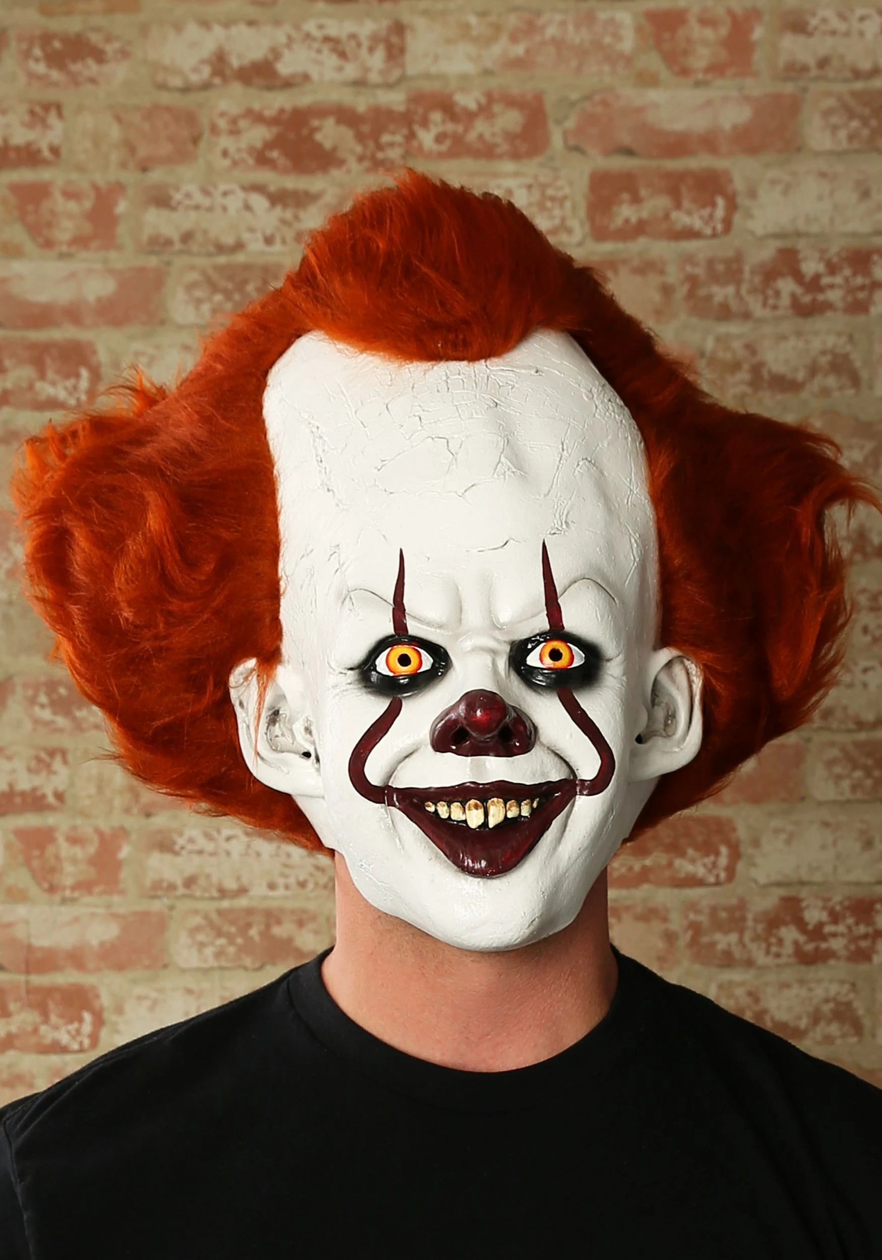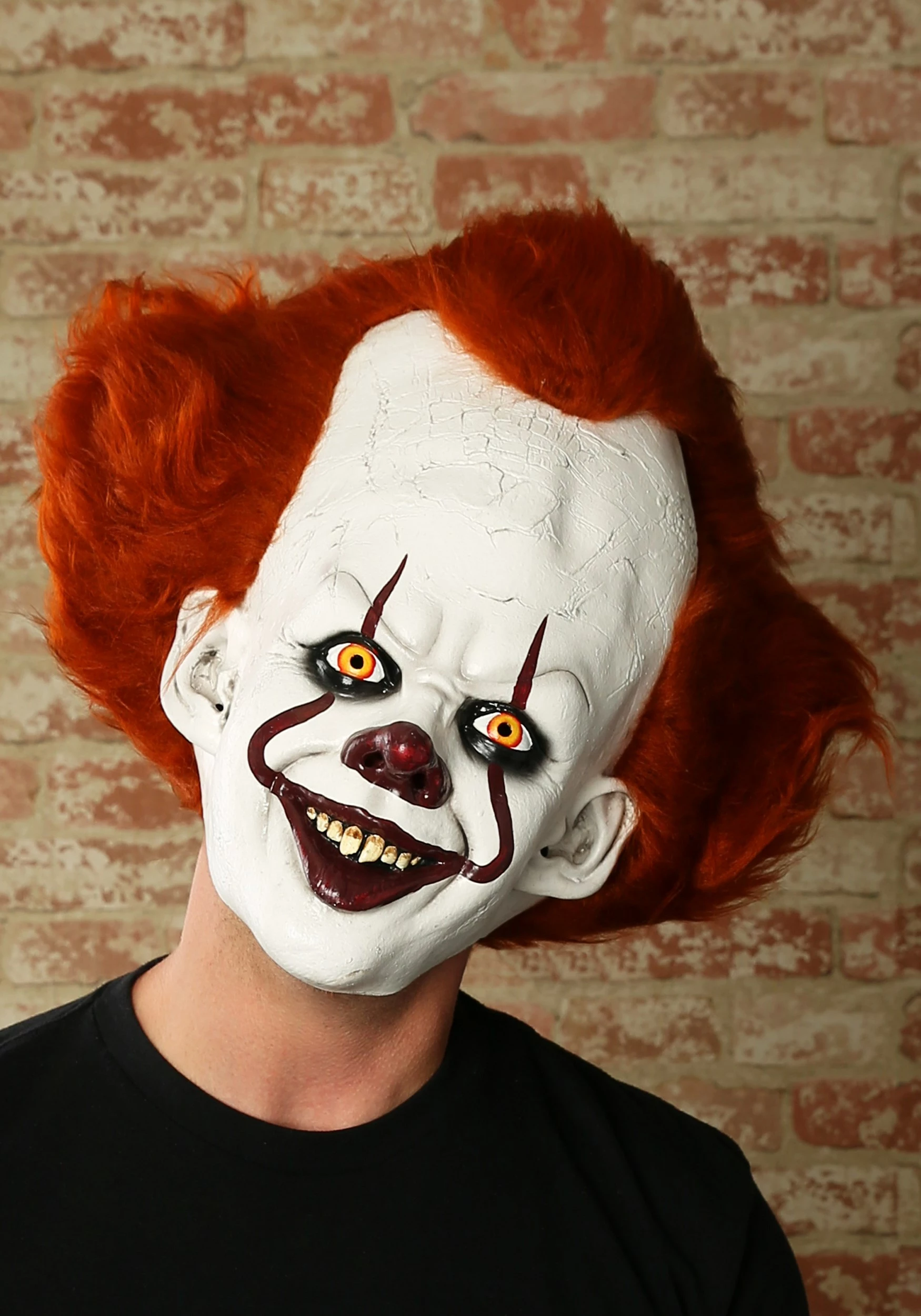 This Supreme Pennywise mask is a high-quality look that’ll look like it’s straight out of the sewers of Derry. The face is rich with details that eke out the facial expressions as well as the cracking makeup along the receding hairline. Red eyes and cracked teeth make you shiver down to your liver. Faux hair sprouts from the latex, taking the disturbing realism a step further. Covering the whole head, this mask will give you a hint of what it’s like to be a timeless entity that exists solely to spread fear.Â
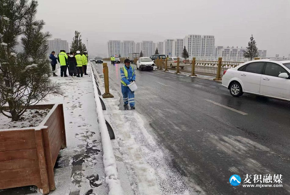 清雪過程中,環(huán)衛(wèi)工人們不懼嚴寒,分工明確、相互協(xié)作,將城區(qū)內(nèi)重要街(路)人行道、過街天橋、公交港灣、醫(yī)院學(xué)校周邊主要道路的積雪和殘冰及時進行了清理。同時,針對便橋、1號橋、2號橋、天秀橋、二十鋪橋及過街天橋和城區(qū)的主干道、人行道等重點區(qū)域,進行了提前布置,隨時開展除雪作業(yè)。在車行道尚未形成明顯積雪時,環(huán)衛(wèi)工人就對易結(jié)冰打滑的坡道、匝道、過境橋拋撒了鹽和融雪劑,有效降低了冰雪凝結(jié)點,防止了路面結(jié)冰。
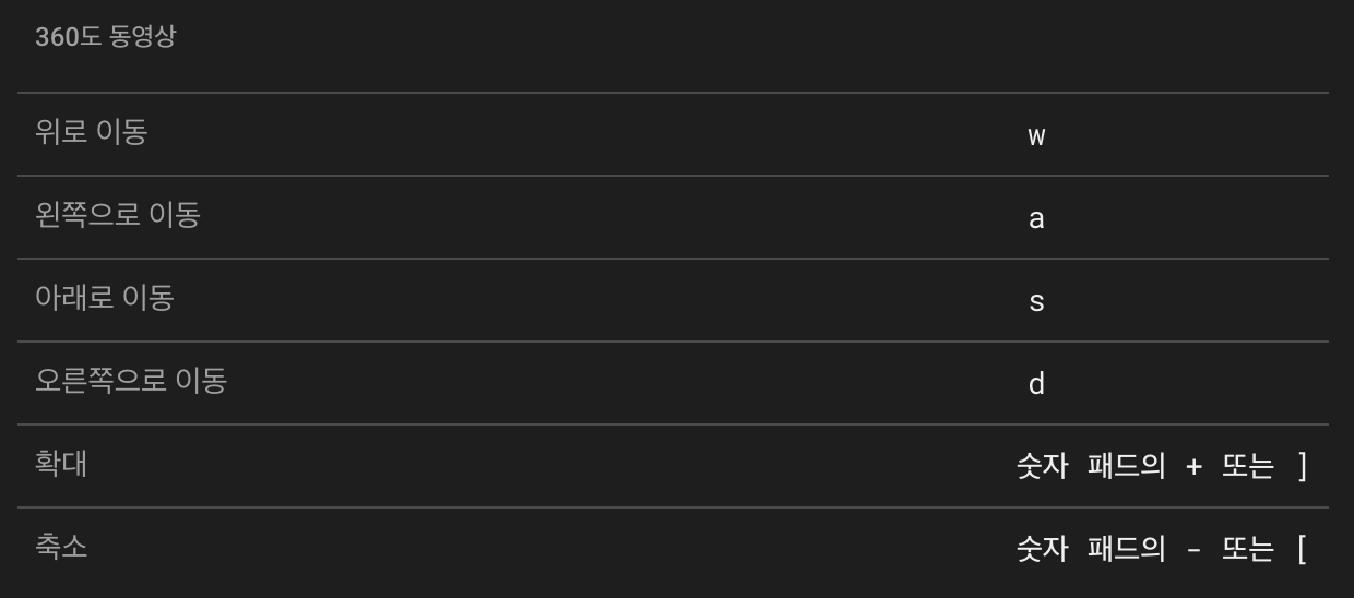 추가로 "360도 동영상" 영상에서는 게임처럼 WASD를 통해서 상하좌우 이동이 가능합니다.
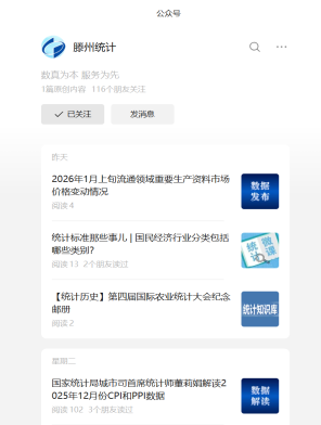不断拓宽公开渠道、创新公开方式、丰富公开载体,综合利用滕州市人民政府官网“本市动态”栏目“滕州市统计局”页面、滕州市人民政府官网信息公开页面、“滕州统计”微信公众号等渠道发布政务公开信息。明确专人维护信息公开平台,丰富信息公开内容,加大信息公开频率。举办“中国统计开放日”“统计法颁布纪念日”等活动,积极展现我市经济社会发展成果。截至2025年12月31日,“滕州统计”微信公众号关注人数已近1800人。
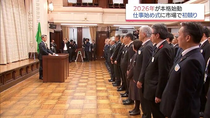 仕事始め式に初競り 2026年が本格始動 2026年1月5日(月) 19:02 国内 正月休みが明け、2026年が本格始動です。宮崎県庁では仕事始め式が行われました。一方、宮崎市の卸売市場では、今年初めての競りがあり、威勢のいいかけ声で活気にあふれました。県庁の仕事始め式には、県の幹部職…
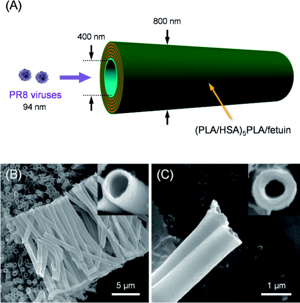 Un gruppo di studiosi giapponesi della Keio University comunica che ha fabbricato un nano tubo (diametro esterno 400 nanometri, cavo interno di 200 nm) che intrappola i virus dell’influenza, dalle dimensioni di 94 nanometri.
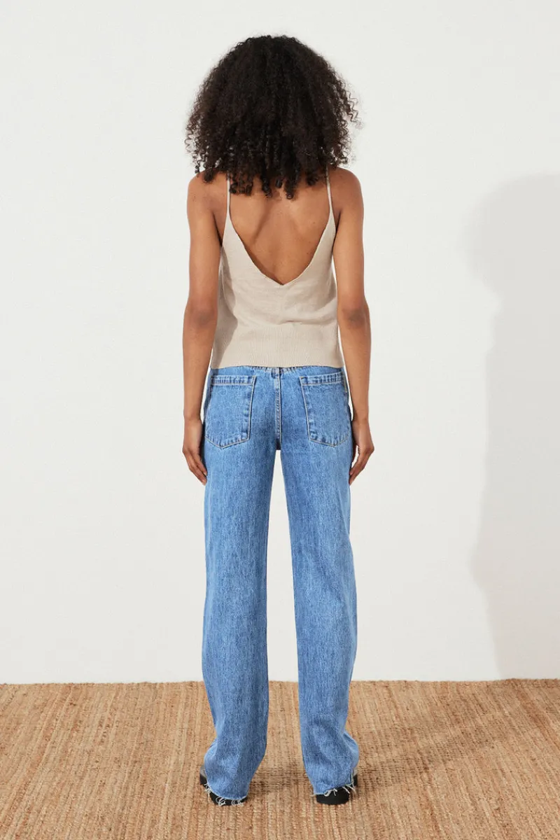 The Blue Wash Recycled Denim Jean by Zulu & Zephyr is a flattering straight-leg everyday essential. New for 2024, the Denim features a classic 5-pocket design, brushed metal hardware, ZZ signature vegan jacron patch, and a branded pip label in a soft yet rigid cotton. This relaxed fit Jean includes a raw hem, allowing you to customize your leg length. Size down for a more high-waisted fit or opt for your standard size for a more low-slung look.
----
» Task statement
Every record must be set down again exactly; pictures do not belong in the copy.

» Your solution
 This Supreme Pennywise mask is a high-quality look that’ll look like it’s straight out of the sewers of Derry. The face is rich with details that eke out the facial expressions as well as the cracking makeup along the receding hairline. Red eyes and cracked teeth make you shiver down to your liver. Faux hair sprouts from the latex, taking the disturbing realism a step further. Covering the whole head, this mask will give you a hint of what it’s like to be a timeless entity that exists solely to spread fear.Â
 清雪過程中,環(huán)衛(wèi)工人們不懼嚴寒,分工明確、相互協(xié)作,將城區(qū)內(nèi)重要街(路)人行道、過街天橋、公交港灣、醫(yī)院學(xué)校周邊主要道路的積雪和殘冰及時進行了清理。同時,針對便橋、1號橋、2號橋、天秀橋、二十鋪橋及過街天橋和城區(qū)的主干道、人行道等重點區(qū)域,進行了提前布置,隨時開展除雪作業(yè)。在車行道尚未形成明顯積雪時,環(huán)衛(wèi)工人就對易結(jié)冰打滑的坡道、匝道、過境橋拋撒了鹽和融雪劑,有效降低了冰雪凝結(jié)點,防止了路面結(jié)冰。
 추가로 "360도 동영상" 영상에서는 게임처럼 WASD를 통해서 상하좌우 이동이 가능합니다.
不断拓宽公开渠道、创新公开方式、丰富公开载体,综合利用滕州市人民政府官网“本市动态”栏目“滕州市统计局”页面、滕州市人民政府官网信息公开页面、“滕州统计”微信公众号等渠道发布政务公开信息。明确专人维护信息公开平台,丰富信息公开内容,加大信息公开频率。举办“中国统计开放日”“统计法颁布纪念日”等活动,积极展现我市经济社会发展成果。截至2025年12月31日,“滕州统计”微信公众号关注人数已近1800人。
 仕事始め式に初競り 2026年が本格始動 2026年1月5日(月) 19:02 国内 正月休みが明け、2026年が本格始動です。宮崎県庁では仕事始め式が行われました。一方、宮崎市の卸売市場では、今年初めての競りがあり、威勢のいいかけ声で活気にあふれました。県庁の仕事始め式には、県の幹部職…
 Un gruppo di studiosi giapponesi della Keio University comunica che ha fabbricato un nano tubo (diametro esterno 400 nanometri, cavo interno di 200 nm) che intrappola i virus dell’influenza, dalle dimensioni di 94 nanometri.
 The Blue Wash Recycled Denim Jean by Zulu & Zephyr is a flattering straight-leg everyday essential. New for 2024, the Denim features a classic 5-pocket design, brushed metal hardware, ZZ signature vegan jacron patch, and a branded pip label in a soft yet rigid cotton. This relaxed fit Jean includes a raw hem, allowing you to customize your leg length. Size down for a more high-waisted fit or opt for your standard size for a more low-slung look.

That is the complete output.